Não estamos para sempre

Levamos a vida a correr, numa rotina frenética e às vezes até sem sentido. Tornámo-nos máquinas do faz-tudo e preferencialmente bem feito, num mundo que só permite o sucesso e resultados positivos.
Levamos tudo ou muito a peito, orgulhos feridos, suscetibilidades afetadas, stresses e ansiedades que nos ofuscam, por vezes sem razão. E assim vamos passando os dias, ainda que intercalados por clichés "a vida é para ser vivida", o "não deixes para amanhã o que podes fazer hoje". Mas não. Adiamos, constantemente.
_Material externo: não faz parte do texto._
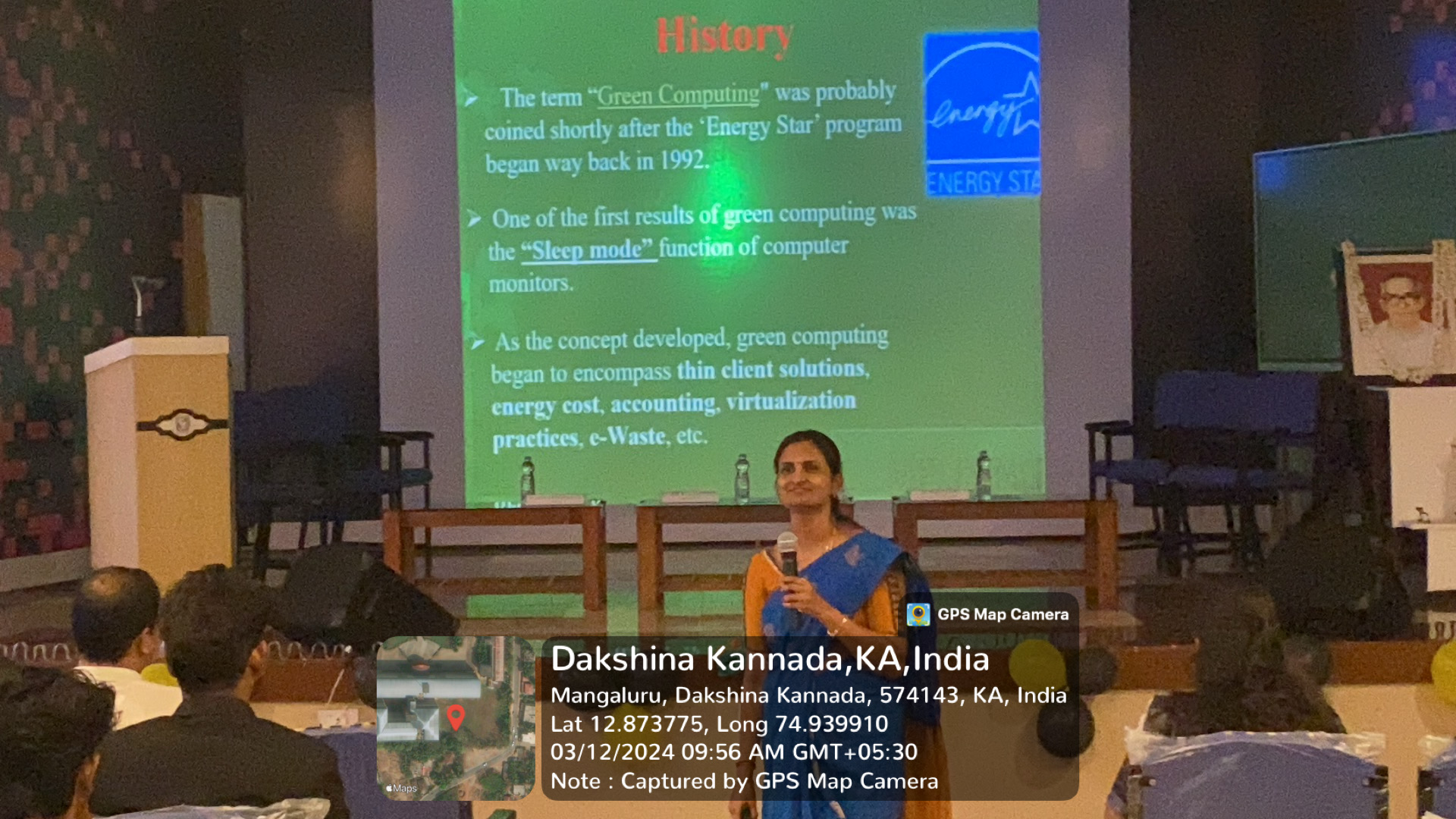 The Department of MCA successfully organized a talk on Green Computing featuring Dr. Jyothimani K as the guest speaker. The event, held in the presence of the Head of Department, Dr. Shashidhar Kini K, and faculty coordinator Rajesh Naik, covered various aspects of green computing. Introduction to Green Computing: Dr. Jyothimani K provided an insightful introduction to the concept of green computing, emphasizing its importance in the current technological landscape. The talk delved into the significance of incorporating eco-friendly practices in computing instructions. A historical perspective was presented to underscore the evolution of green computing principles. Dr. Jyothimani K discussed coding practices that contribute to environmental sustainability. Insights were shared regarding the impact of computing infrastructure on energy consumption. The guest speaker addressed challenges associated with green computing and proposed viable solutions to overcome them. Dr. Jyothimani K highlighted the positive outcomes and advantages of adopting green computing practices.This event served as a valuable platform for students and faculty members to gain knowledge about the principles, challenges, and future directions of green computing. The active participation of Dr. Shashidhar Kini K and faculty coordinator Rajesh Naik further enriched the academic atmosphere. The Department of MCA remains committed to promoting sustainable and responsible computing practices.

Esperamos desesperadamente pelo fim de semana, quando a grande maioria das vezes, temos o dobro do trabalho e o descanso vemo-lo por um canudo. Aguardamos poder dormir que nem uns anjos, quando depois escancaramos os olhos ainda o dia não nasceu. Cancelamos aquele jantar com amigos porque está frio ou demasiado calor.
A história prometida que não é lida porque o cansaço se sobrepõe à promessa, o filme que não foi visto tal como havíamos combinado, sentados no chão da sala a comer pipocas, porque havia roupa para estender ou arrumar. Os biscoitos que não chegam a passar da intenção, …
E entregamo-nos ao depois faço, depois vou, achando-nos eternos, penhorando momentos por uma extrema racionalidade e por acharmos que um dia vai acontecer. Hipotecamos o estar com quem efetivamente faz parte de nós, porque "temos uma vida pela frente" e "mais oportunidades virão".
E os dias vão passando.
Mas um dia podemos já não estar, apesar das promessas de ir, de fazer e de ficar. Talvez tenha sido isto que aconteceu por estes dias, a uma mãe que com a minha idade, partiu prematuramente, sem aviso prévio, sem a mais pálida suspeita. Dói só de pensar, que não se despediu dos seus filhos. É contranatura o rombo, a fratura ao ser de uma criança que se vê repentinamente sem o colo, sem a presença insubstituível da mãe. Não consigo imaginar.
Provavelmente, também pensava que teria todo o tempo do mundo para fazer acontecer, mas o destino atraiçoou-a.

Ontem, quando o meu filho mais novo me disse que nunca tinha andado com ele no carrossel, estremeci. Se calhar não… porém, não me tinha ainda dado conta disso. Proporcionei-lhe dezenas de vezes a experiência, mas provavelmente não a partilhei com ele. Não fiz por mal, mas faltei-lhe. Ficou-me um misto de nostalgia e de dever cumprido, ainda a tempo de remediar.

Estamos sempre a tempo de mudar, de inverter o sentido da marcha, de estar. Ontem, fiz-lhe o gosto e deixei-o tão feliz, por nada, que para ele foi muito.
Há meninos que já não podem andar no carrossel que é a vida, com as suas mães. Se o fizeram fica a memória, se não, a inconformação.

Priorizemos aquilo que é verdadeiramente importante, enquanto é tempo. Ignoremos o que não tem importância já que não temos poderes mágicos para o evitar. Por nós, pelos nossos, sejam eles filhos, parentes ou amigos. É fácil falar, bem sei… mas tentemos.

Um dia não estaremos cá. Esta é a única certeza que temos na vida.